- Born: Joan Pederson 4 February 1922
- Died: 30 June 2009 (aged 87) Hastings, New Zealand
- Known for: First discovery of dinosaur fossils in New Zealand
- Spouse: Montagu Arthur "Pont" Wiffen (m. 1953)
- Awards: Morris Skinner Award
- Scientific career
- Fields: Paleontology

= Joan Wiffen =

New Zealand paleontologist

Joan Wiffen (née Pederson; 4 February 1922 – 30 June 2009) was a self-taught New Zealand paleontologist known for discovering the first dinosaur fossils in New Zealand.

==Early life==
Wiffen was born in 1922 and was brought up in Havelock North and the King Country. She only had a very short secondary school education as her father believed that higher education was wasted on girls, resulting in her education opportunities being limited during her youth. At the age of 16, Wiffen joined the Women's Auxiliary Air Force during World War II where she served for six years. Her work included being a medical clerk, a filter room plotter, and a runner carrying files.

==Career==
Wiffen's interest in science came about when she bought natural history books for her small children. In the 1960s, her family joined the local Rock and Mineral Club. This sparked her interest into fossils.

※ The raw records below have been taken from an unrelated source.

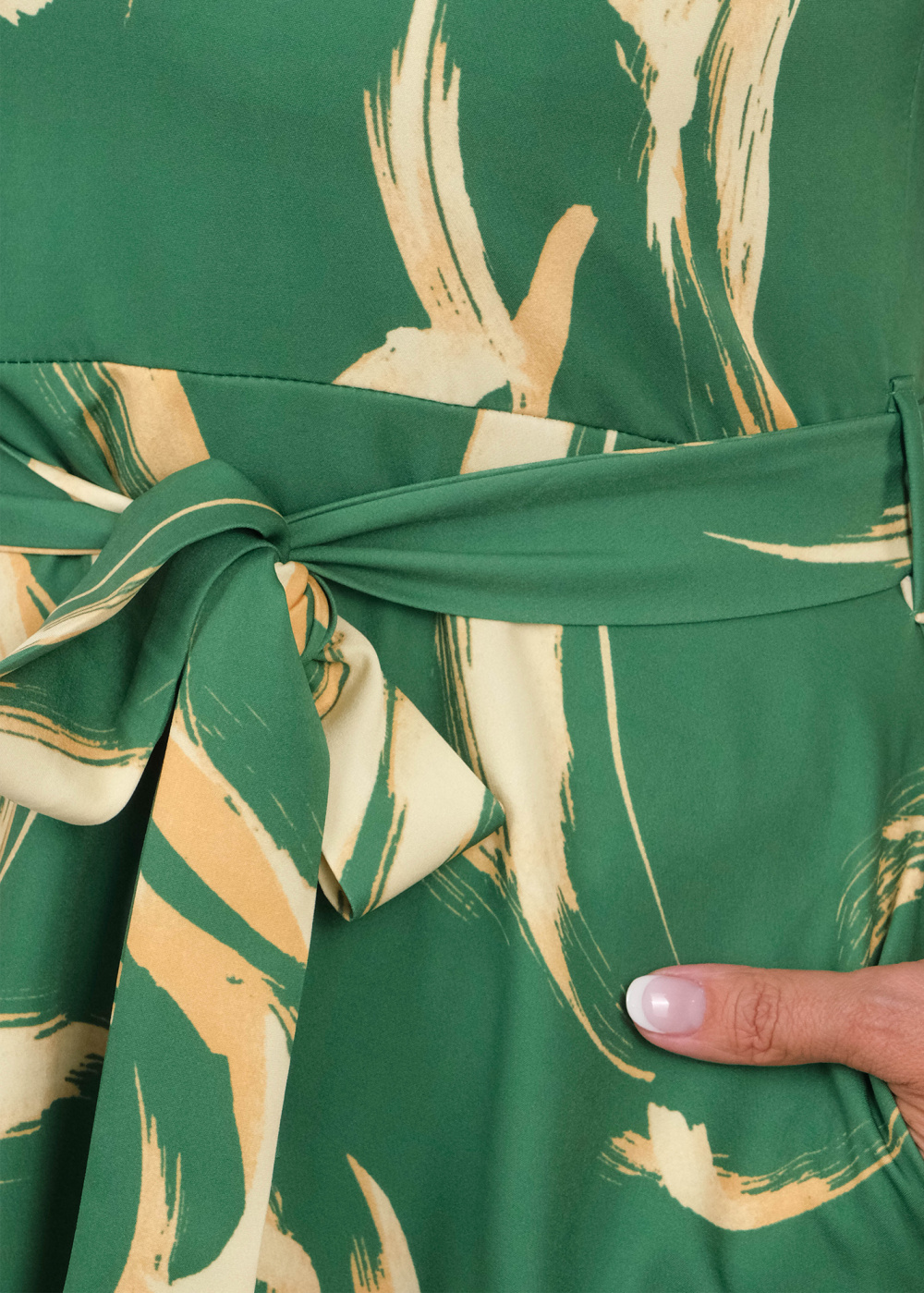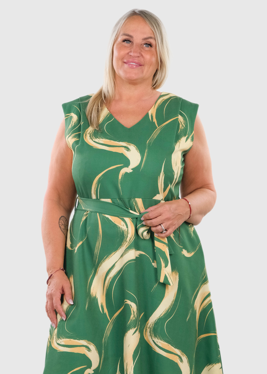 Anzu Lielo izmēru zaļa īsa vakarkleita ar rakstu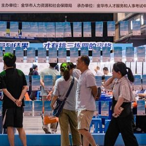 當日,浙江省金華市舉辦“人才夜市”高校畢業生專場,多家生物醫藥、機械製造、新能源企業為求職者提供工作崗位,吸引了許多高校畢業生前往諮詢應聘。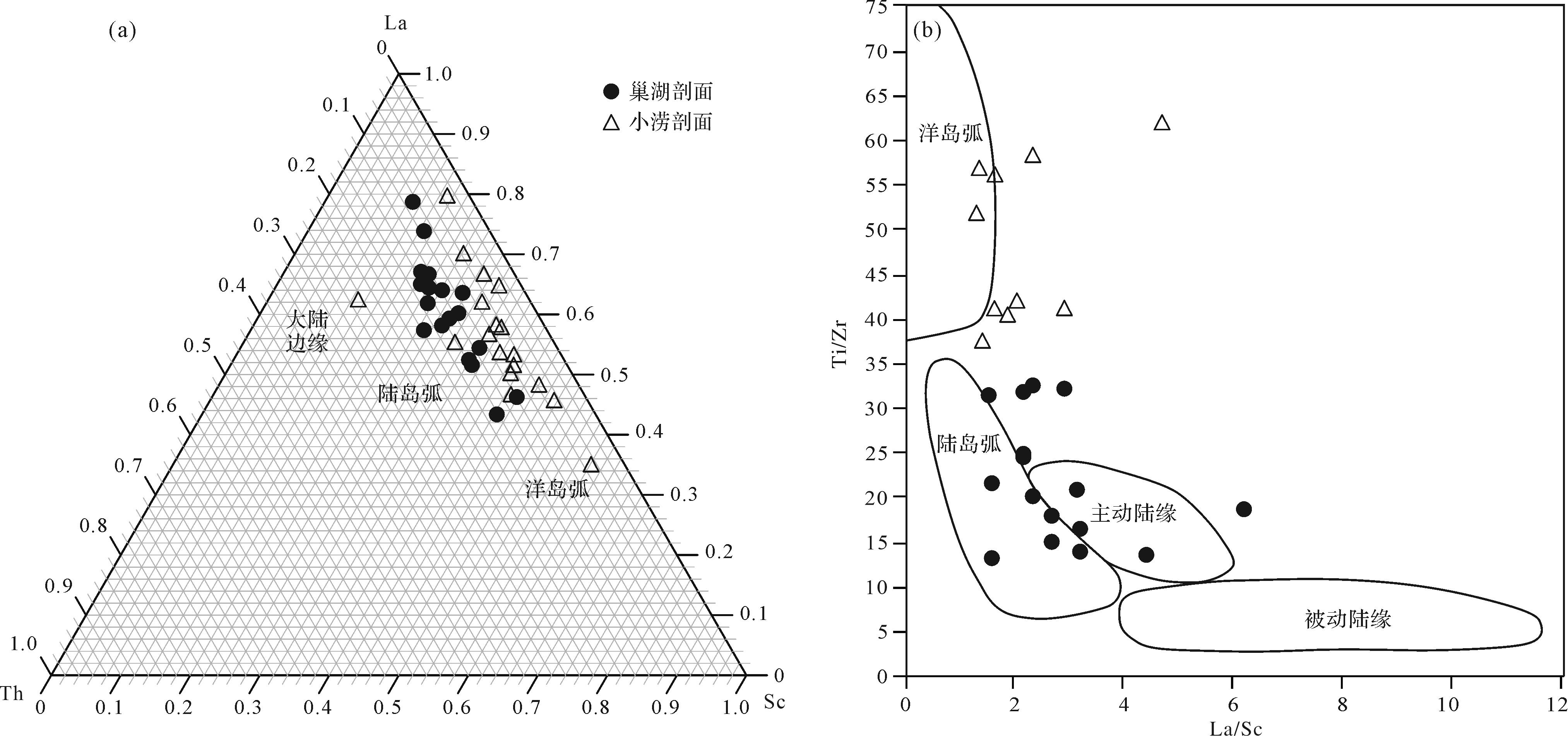 上述热液硅质岩的形成可能与下扬子区特定的构造背景有关。某些惰性微量元素能指示物源构造背景,例如元素La、Zr、Ce、Nd、Y、Hf、Nb、Ti、Sc、Th由于在沉积过程中迁移度较低以及海水居留时间较短,可以用于约束物源和构造背景[39]。在风化和搬运过程中,这些元素被定量地搬运到碎屑沉积岩中,因而能指示母源的信号[40]。La-Th-Sc三角图能区分不同的构造背景。洋岛弧样品往往展示较高的Sc含量以及较低的La/Sc比值(平均值为0.55±0.2),大陆边缘样品往往展示较高的La含量以及较高的La/Sc比值(La/Sc=4),而陆岛弧样品则处于上述两种环境的中间,表现为中等的La/Sc比值(平均值为0.8±0.3)[41]。该图能区分古生代洋和陆岛弧环境,但难于区分主动大陆边缘和被动大陆边缘。La/Sc与Ti/Zr的交会图则可以区分大陆边缘的构造背景。洋岛弧样品以Ti/Zr比值大于40以及La/Sc比值大于1为特征;陆岛弧样品一般以Ti/Zr比值为10~35以及La/Sc比值为1~3为特征;主动大陆边缘样品以较高的La/Sc比值(3~6)与陆岛弧样品相区分;被动大陆边缘样品以Ti/Zr比值小于10以及较高的La/Sc比值(3~9)与其他构造背景的样品相区分[41]。巢湖剖面和小涝剖面孤峰组硅质岩均不属于被动大陆边缘构造属性,前者反映陆岛弧和主动大陆边缘的构造属性(图7a),而后者反映洋岛弧构造背景(图7b)。主动大陆边缘和洋岛弧构造环境中热液活动较为常见,这从构造上解释了铜陵小涝孤峰组热液硅质岩存在的成因,以及巢湖地区孤峰组硅质岩部分样品保留微弱的热液活动信号的原因。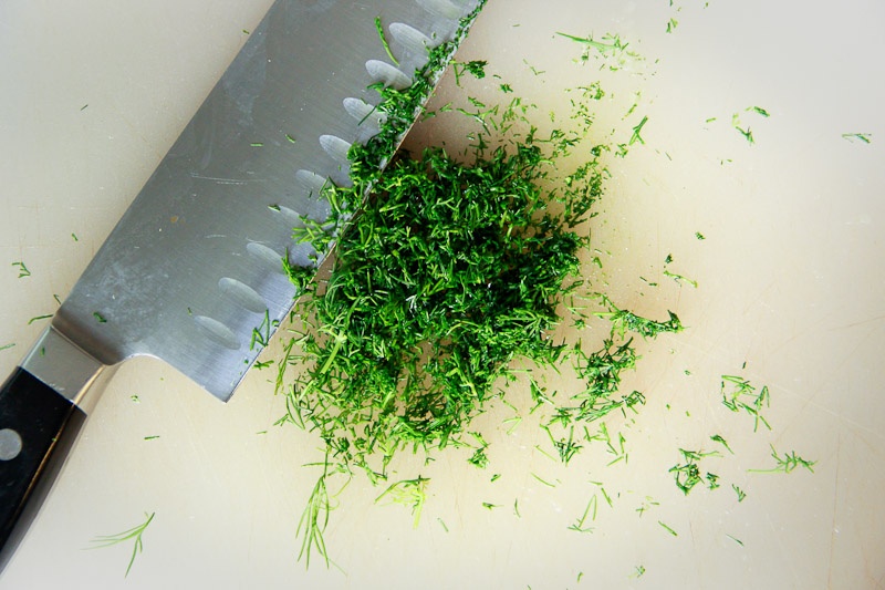 7. Mince the dill the same way you did the cucumber in step 5 and toss it in the bowl with the cucumber.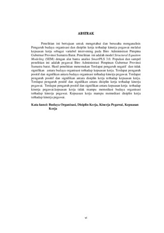 Penelitian ini bertujuan untuk mengetahui dan berusaha menganalisis Pengaruh budaya organisasi dan disiplin kerja terhadap kinerja pegawai melalui kepuasan kerja sebagai variabel intervening pada Biro Administrasi Pimpina Gubernur Provinsi Sumatra Barat. Penelitian ini adalah model Structural Equation Modeling (SEM) dengan alat bantu analisi SmartPLS 3.0. Populasi dan sampel penelitian ini adalah pegawai Biro Administrasi Pimpinan Gubernur Provinsi Sumatra barat. Hasil penelitian menemukan Terdapat pengaruh negatif dan tidak signifikan antara budaya organisasi terhadap kepuasan kerja. Terdapat pengaruh positif dan signifikan antara budaya organisasi terhadap kinerja pegawai. Terdapat pengaruh positif dan signifikan antara disiplin kerja terhadap kepuasan kerja. Terdapat pengaruh positif dan signifikan antara disiplin kerja terhadap kinerja pegawai. Terdapat pengaruh positif dan signifikan antara kepuasan kerja terhadap kinerja pegawai.kepuasan kerja tidak mampu memediasi budaya organisasi terhadap kinerja pegawai. Kepuasan kerja mampu memediasi disiplin kerja terhadap kinerja pegawai. Kata kunci: Budaya Organisasi, Disiplin Kerja, Kinerja Pegawai, Kepuasan Kerja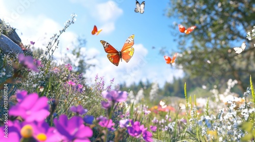 butterfly, wildflower, meadow, nature, spring, colourful, flower, landscape, wildlife, pollinator, fluttering, outdoors, flora, fauna, sunny, vibrant, scenery, blooming, insect, garden, blue skies, vivid colors, natural beauty, picturesque, serenity, ecosystem, flower petals, scenic view, rural, calmness, environment, habitat, sunny day, beauty, fresh air, biodiversity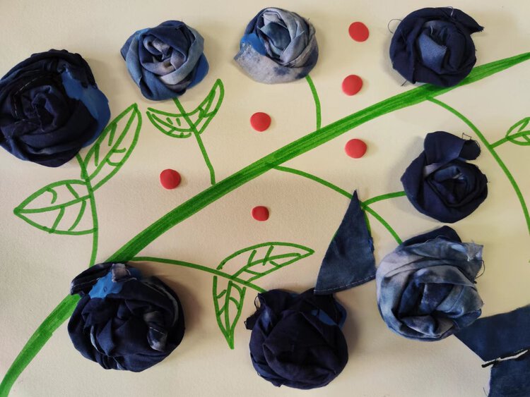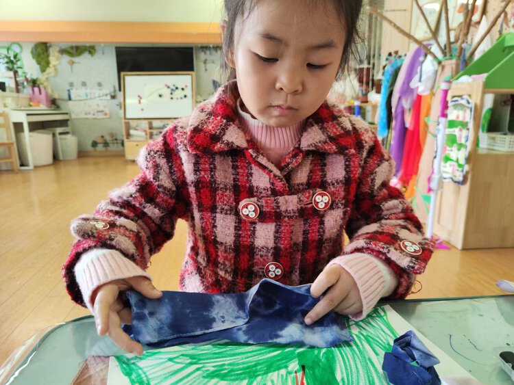 扎染过的小方巾可以进行各种各样的创作,这次又会带来怎样的惊喜创作呢?原来是一朵朵漂亮的花啊!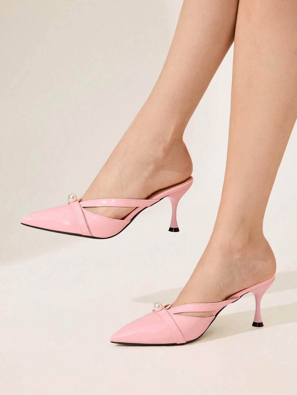 CUCCOO CHICEST Women's Pointed Toe Faux Pearl Decor Elegant High Heel Mules Valentine's Day Elegant Shoes Wedding Shoes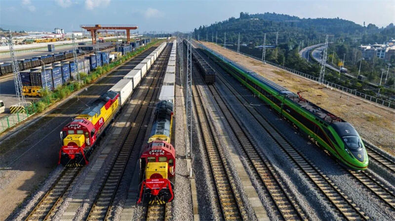 一条铁路,架起物流快通道。满载东南亚水果的国际货物列车一路向北,在磨憨铁路口岸经海关查验后,直抵昆明王家营西集装箱中心站,物流时间由公路运输的10多天缩短至3天内。
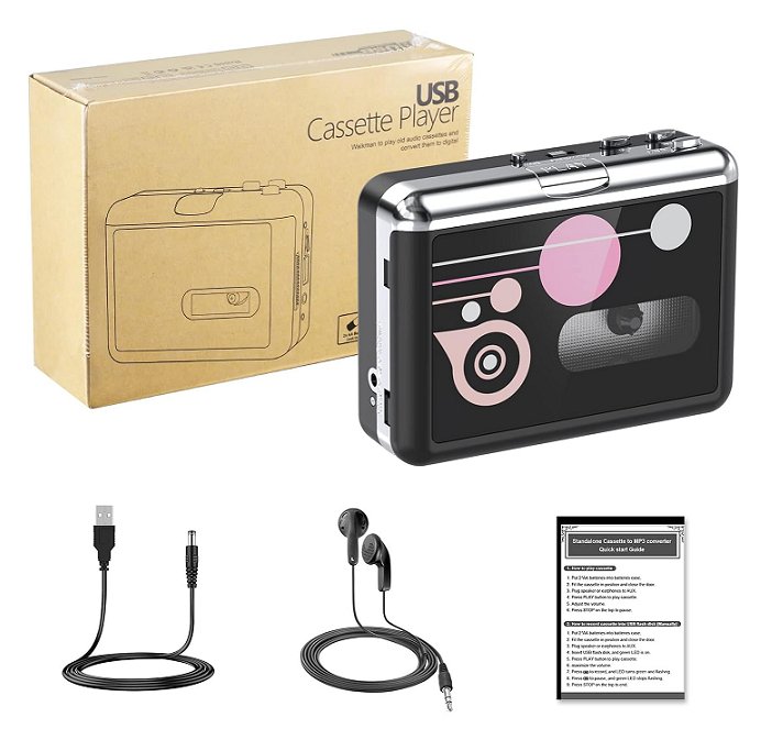 digitnow cassette player with portable usb cassette to mp3 converter with earphones - black (model: br608-ca-s)

Wiffen and her family often travelled around the country searching for fossils in the quest to try and find a dinosaur.

In 1975 Wiffen discovered the first dinosaur fossils in New Zealand in the Mangahouanga Valley in Northern Hawkes Bay. Her first discovery was the tail bone of a theropod dinosaur. Her later finds included bones from a hypsilophodont, a pterosaur, an ankylosaur, mosasaurs and plesiosaurs. In 1999, Wiffen discovered the vertebra bone of a titanosaur in a tributary of the Te Hoe River. The fossils Wiffen found are primarily held in a GNS Science collection.

Wiffen was self-taught in extracting the bones from the rock, which involved much trial and error. As she lacked formal training and qualifications, she faced scepticism about the validity of her findings. She was therefore unable to present her paper on her dinosaur bone finding at the 1980 Gondwana Conference at Victoria University, which instead had to be presented by another recognised palaeontologist, Dr Ralph Molnar.

==Honours and awards==
Wiffen was awarded an honorary DSc by Massey University in 1994. In the 1995 New Year Honours, she was appointed a Commander of the Order of the British Empire for services to science. In 2004, she won the Morris Skinner Award from the Society of Vertebrate Paleontology. In 2017, Wiffen was selected as one of the Royal Society Te Apārangi's "150 women in 150 words", celebrating the contributions of women to knowledge in New Zealand.

==Personal life==
In 1953 she married Pont Wiffen and they had two children. She dedicated the next two decades of her life to her family and maintaining their farm in Hawke's Bay farm. Joan Wiffen died at the age of 87 on 30 June 2009 in Hastings Hospital.